Veronique Jadin, who directed and co-wrote the film (with Nina Van Spranghe), works with the constraints
of the small-scale business office that 90% of the film takes place in. The cold and muted color tones as
as a prison that Ines has been trapped in for all of these years, and the events of the film are her acting out a means of escaping that nine-to-five captivity. Given how she is portrayed as the sacrificial lamb to everyone else’s benefit within the company branch, it is nice that Ines isn’t a one note victim in the film. She embodies a clean freak mentality, showing how much of her work has become a part of her life. Even as the bodies pile up, the mess they make is always on her mind. but she loosens up a bit as she takes some drugs and alcohol which empowers her to take more action against the co-workers who abused her for so long.
The portrayal of the men in this environment might rub people the wrong way, as most of them are
seen as lazy, incompetent, stupid, or just ignorant, having grown comfortable with the lifestyle
their shady practices have allowed them.

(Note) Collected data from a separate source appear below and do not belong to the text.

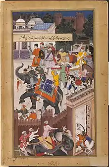 Illustration from Akbarnama showing victory of Ali Quli Khan on Afghans at Gomti, 1561
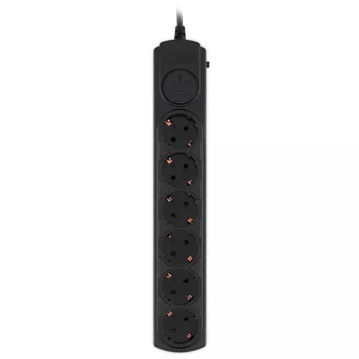 | Особенности | 6 евророзеток с заземлением. Входная вилка Schuko. Защита от перегрузки. Защита от импульсов высокого напряжения. Защита от перетирания провода в месте входа в корпус фильтра. Ударопрочный негорючий корпус. Кнопка питания с индикатором сети. Отверстия на корпусе сзади для удобного монтажа на стену. |
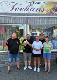 Der Lebenshof wurde bei der Spendenübergabe vertreten durch Dajana und Joshua Hanne, sowie Michael Spang und einen ganz besonderen Gast: Jung-Gänserich Charly, der im Laufe des Besuchs das TeeHaus unsicher machte und sich gleich zum Publikumsliebling mauserte. Seitens des Teehauses nahm die ehrenamtliche Mitarbeiterin Thea Brack die Spendensumme entgegen.
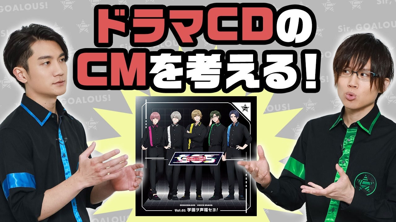 【GOALOUS5 ニコニコ動画支部】<br>3月発売のボイスドラマのCMを作る!(GO5チャンネル 第93回)<br><br>★2021年3月25日 MISSION:GO5 ボイスドラマVol.1「学園ヲ声福セヨ!」発売決定!<br>新規楽曲も収録決定!予約受付中!<br><GCRESTORE(ジークレストア)><br>CD:<a href="https://gcrest.store/products/gcp20210005g5" target="_blank" rel="noopener nofollow">https://gcrest.store/products/gcp20210005g5</a><br>M∞CARD A、B:<a href="https://gcrest.store/products/gcp20210006g5" target="_blank" rel="noopener nofollow">https://gcrest.store/products/gcp20210006g5</a><br><アニメイト(通販含む全店舗)><br>CD:animate-onlineshop.jp/pn/pd/1902125/<br>M∞CARD A:<a href="https://www.animate-onlineshop.jp/pn/pd/1902126/" target="_blank" rel="noopener nofollow">https://www.animate-onlineshop.jp/pn/pd/1902126/</a><br>M∞CARD B:<a href="https://www.animate-onlineshop.jp/pn/pd/1902127/" target="_blank" rel="noopener nofollow">https://www.animate-onlineshop.jp/pn/pd/1902127/</a><br>※店舗別購入特典もあります<br><br>★ボイスドラマのイラストを使用した新グッズも予約受付中!<br>GCRESTORE(ジークレストア):<a href="https://gcrest.store/collections/goalous5" target="_blank" rel="noopener nofollow">https://gcrest.store/collections/goalous5</a><br><br>★テーマソングCD第2弾 <i>GOALOUS5「5 AHEAD!」</i>11月25日発売!<br>①販売店情報<br><GCRESTORE(ジークレストア)><br>MV盤(CD+DVD):<a href="https://gcrest.store/products/gcp20200038g5" target="_blank" rel="noopener nofollow">https://gcrest.store/products/gcp20200038g5</a><br>M∞CARD A、B:<a href="https://gcrest.store/products/gcp20200034g5" target="_blank" rel="noopener nofollow">https://gcrest.store/products/gcp20200034g5</a><br><アニメイト(通販含む全店舗)><br>MV盤(CD+DVD):<a href="https://www.animate-onlineshop.jp/pn/pd/1859037/" target="_blank" rel="noopener nofollow">https://www.animate-onlineshop.jp/pn/pd/1859037/</a><br>M∞CARD A:<a href="https://www.animate-onlineshop.jp/pn/pd/1859038/" target="_blank" rel="noopener nofollow">https://www.animate-onlineshop.jp/pn/pd/1859038/</a><br>M∞CARD B:<a href="https://www.animate-onlineshop.jp/pn/pd/1859039/" target="_blank" rel="noopener nofollow">https://www.animate-onlineshop.jp/pn/pd/1859039/</a><br>※店舗別特典もあります<br><br>②収録内容<br>試聴動画:<a href="https://youtu.be/3r6M5AywavQ" target="_blank" rel="noopener nofollow">https://youtu.be/3r6M5AywavQ</a><br>【MV盤】<br><収録曲><br>M01:5 AHEAD!<br>M02:RosyBeat<br>M03:5 AHEAD!(Instrumental)<br>M04:RosyBeat(Instrumental)<br><DVD映像収録内容><br>01:5 AHEAD! Music Video<br>02:5 AHEAD! Music Videoメイキング映像(MV盤映像特典)<br>03:Trailer<br>GCGC-0003/¥2,000(税抜)【M∞CARD A】<br><収録曲><br>M01:5 AHEAD!<br>M02:RosyBeat<br>M03:5 AHEAD!(Instrumental)<br>M04:RosyBeat(Instrumental)<br>+「RosyBeat」各メンバーのソロセリフVer.<br><収録映像><br>5 AHEAD! Music Video<br>GCGC-0004/¥1,700(税抜)【M∞CARD B】<br><収録曲><br>M01:5 AHEAD!<br>M02:RosyBeat<br>M03:5 AHEAD!(Instrumental)<br>M04:RosyBeat(Instrumental)<br><br>③購入特典<br><MV盤(CD+DVD)店舗別購入特典><br>GCRESTORE(ジークレストア):2L判ブロマイド<br>アニメイトオンライン:L判ブロマイド<br><M∞CARD A、B 店舗共通購入特典><br>複製直筆コメントが入ったM∞CARDが飾れるスタンドPOP 1種(ランダム全5種)<br>※ジークレストア、アニメイト共通の特典となります<br>※M∞CARD A、B共通で全5種となります<br><br>★悪の相談募集中<br>下記のフォームに記入、投稿をお願いいたします。<br><a href="http://bit.ly/2Q3wMUh" target="_blank" rel="noopener nofollow">http://bit.ly/2Q3wMUh</a><br><br>★GOALOUS5(ゴーラスファイブ)とは<br>世界声福(征服)を目論む悪の組織が、先遣隊として声を生業にする熊谷健太郎、小松昌平、寺島惇太、仲村宗悟、深町寿成を派遣した。それが「GOALOUS5(ゴーラスファイブ)」だ。5人は声を武器に人々を虜にし、世界を声福(征服)していくための活動を行っていく。<br><br>★GOALOUS5の虜になった者は、公式Twitterのフォローを。<br><br>★GOALOUS5公式Twitter<br>@sir_goalous( <a href="https://twitter.com/sir_goalous" target="_blank" rel="noopener nofollow">https://twitter.com/sir_goalous</a> )<br><br><br>運営:株式会社ジークレスト<br><a href="https://www.gcrest.com/" target="_blank" rel="noopener nofollow">https://www.gcrest.com/</a>

I think it works in this context, given modern views of
the worker/employer relationship and how that’s portrayed in films such as MAYHEM. Especially since the representative for the company that comes to visit them, Anna Nilsson, is female, this encompasses the general corporate ladder abuse of power than just gender politics (although that is there too). These themes give the film a universal attachment that transcends the regional and language barriers.
EMPLOYEE OF THE MONTH operates more as a black comedy than straight up horror, but it works as a fun power fantasy trip. The Ines – Melody relationship that forms over the course of the day is established well, despite their age differences and views on the job, taking advantage of the situation to take revenge on those who took advantage of them. Ultimately, one’s own enjoyment will vary depending on how the broad unlikability of the male co-workers rubs off on your sensibilities. The film does take a while for Ines to let loose and embrace her situation, but when it does, seeing her develop into a more proactive character who wants her fair share in life is worthwhile.
EMPLOYEE OF THE MONTH is screening as part of Screamfest 2022 in Los Angeles from October 11th through October 20th.